An interview with the Reverend who helped inspire Rev

Meet Shoreditch Church’s Reverend, Paul Turp
Guest blogger Joe Struggles went to talk to Reverend of Shoreditch church, Paul Turp about the history of the church, the problems it currently faces and Rev.‘s relevance within modern Britain.
We’re used to hosting a myriad of clients here at First Option Location Studio – be that shooting fashion stills with Net-a-Porter, online videos with Waitrose, cookery shows with The Hairy Bikers or having baritone opera singer Dave Stout blast away any missed cobwebs in our converted factory. However, just across the road from us, our Shoreditch neighbours St Leonard’s Church have followed in our footsteps, branching into the hire space game.
Once the epicentre of the Roman Army’s settler stronghold in England, the grounds have been a muse for Shakespearean actors, now documented by scores of students from London’s colleges and art schools, who shoot films and stills in its crypt, as well as musicians such as former Detroit altar boy-turned-rock star Jack White.
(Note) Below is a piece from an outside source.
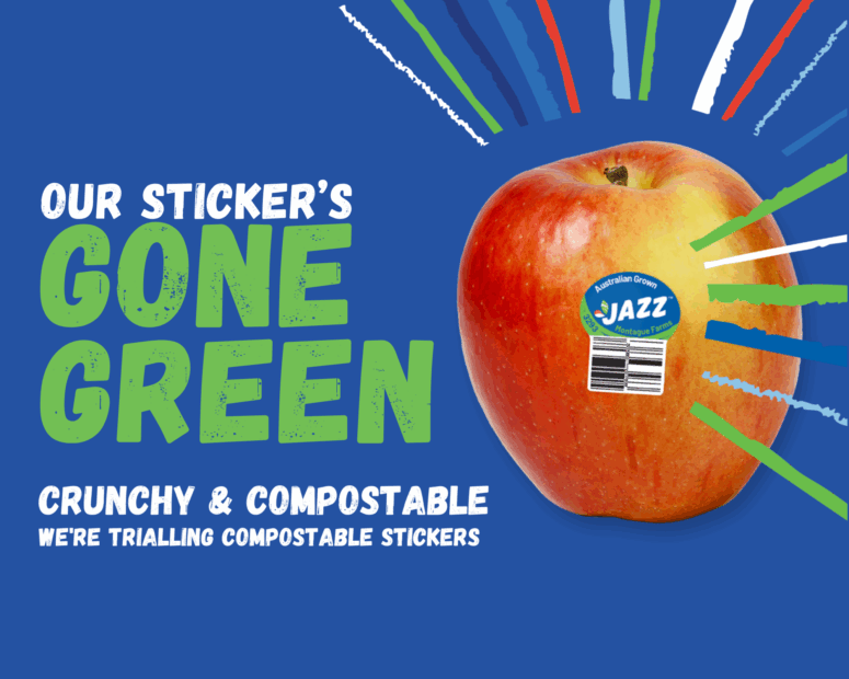 Traditionally, apple stickers are made from single-use plastic, posing challenges for composting and recycling. In collaboration with sticker supplier J-Tech, Montague Farms is trialling the Sinclair T55 sticker, certified by the Australasian Bioplastics Association and compliant with global composting standards. This trial, launching August 2025 and running for three months, follows a successful test on plums and supports Australia’s broader packaging reforms led by the Australian Packaging Covenant Organisation (APCO) and Montague Farms’ commitment to a more sustainable future. Taking place at Montague Farms’ high-capacity facility in Narre Warren North, the trial demonstrates a commitment to reducing environmental impact while maintaining quality and traceability. Just look for the green-outlined sticker on your next JAZZ™ apple!

And it doesn’t stop at archaic armies or influential artists. Over the last few years, the church has played sanctuary for BBC Two’s award-winning comedy Rev., starring Tom Hollander as Revd Adam Smallbone.
Now in its third series, Rev. boasts more than two million viewers a week, owing partly to the fruitful comparison between bucolic sanctuaries of the UK’s rural countryside and the gritty, eye-opening encumbrances faced by the inner-city church in a multicultural, secular Britain.
Out of his depth after a promotion from a sleepy pastoral parish to the busy St Saviour’s in our very own Shoreditch, Revd Smallbone crusades against the continual threat of closure after chronic underinvestment and an over-active sense of integrity renders St. Saviour’s in, well, not the best of shapes. Something that Paul Turp, reverend at St Leonard’s Church in Shoreditch, knows all too well.
‘I’ve just sent a colleague to fix the leak in the roof with a roll of Gaffer tape’, said Paul humbly walking the St Leonard’s aisle, ‘and the electricity man will be over shortly to check how much he can charge us through our metre.’

Paul Terp
It’s strange. The building itself, on paper, is worth a healthy £18m. However Paul, like Adam, continues to fund a fight for an increasing amount of socialist issues in London, such as drug abuse or homelessness, that continuously knock on the church door and plague the rest of the city.
‘There is only so much blood you can get out of a stone. I have to find the equivalent of £90k a year to keep my doors open. The congregation can’t do this, so I have to use the building for music, drama and events.’
Not long ago, St Leonard’s, thought of as the first Christian place of worship in the nation, had to find £25,000 in three weeks, otherwise builders working on the roof would stop working. And a church without a roof can’t offer shelter to those in need.
‘We found it by completely digging into every reserve we’ve got, begging,’ said Paul, who has recently raised funds by putting on a production of Shakespeare’s The Merchant of Venice, a play that premiered at St Leonard’s as far back as the early 17th century, to mark the anniversary of the dead playwrite’s 450th birth this year.
‘We had a contract to start filming Rev., and you can’t film if there is scaffolding. When we took the north roof apart we found a horror story, which cost around £25,000 to put right.’
The church itself is just off Shoreditch High Street, which boasts a transient population of more than 40,000 people on a Saturday night alone. Paul shepherds this passing crowd into the church through various activities, such as hosting theatre and drama events for London dwellers while maintaining the church’s reserve for regular attendees.
Much like our First Option Location Studio, it seems, one moment both hire spaces are still and deathly silent, allowing us to ponder and appreciate the pasts of our venues – our studio being an old Victorian zip and suspender factory, St Leonard’s being one of the oldest places of worship in the nation. Next, both buildings are awash with people, temporarily harbouring the likes of film and photography crews, theatre casts and congregations. We like to think we’ve developed our own set of worshippers, anyway!
St Leonard’s sits in Hackney and Tower Hamlets, two of the most deprived boroughs in the entire nation. Yet despite being less than a 10 minute walk from Liverpool Street and it’s iconic Gherkin, one of the richest financial hubs in the London, St Leonard’s still struggles. Not forgetting London is one of the wealthiest cities on the planet.
‘It’s that extreme. The rate of child poverty in the parish is around 40 per cent over the national average,’ says Paul. ‘This is why the church has to be open for everyone. It’s only on the pews of this church that you will get people from those extremes sitting side by side and afterwards drinking coffee together.’
And despite this juxtaposition of wealth at Shoreditch church, which premiered 19 of Shakespeare’s earliest plays, St Leonard’s outlook seems morose.
‘The sad reality is, however, that two Easters from now, this church will be bankrupt.’
Should the BBC and Rev.’s producers, Big Talk Productions, look to commission a feature length version of the programme, however, we’re pretty certain St Leonard’s tenancy in Shoreditch will be extended for a little while longer.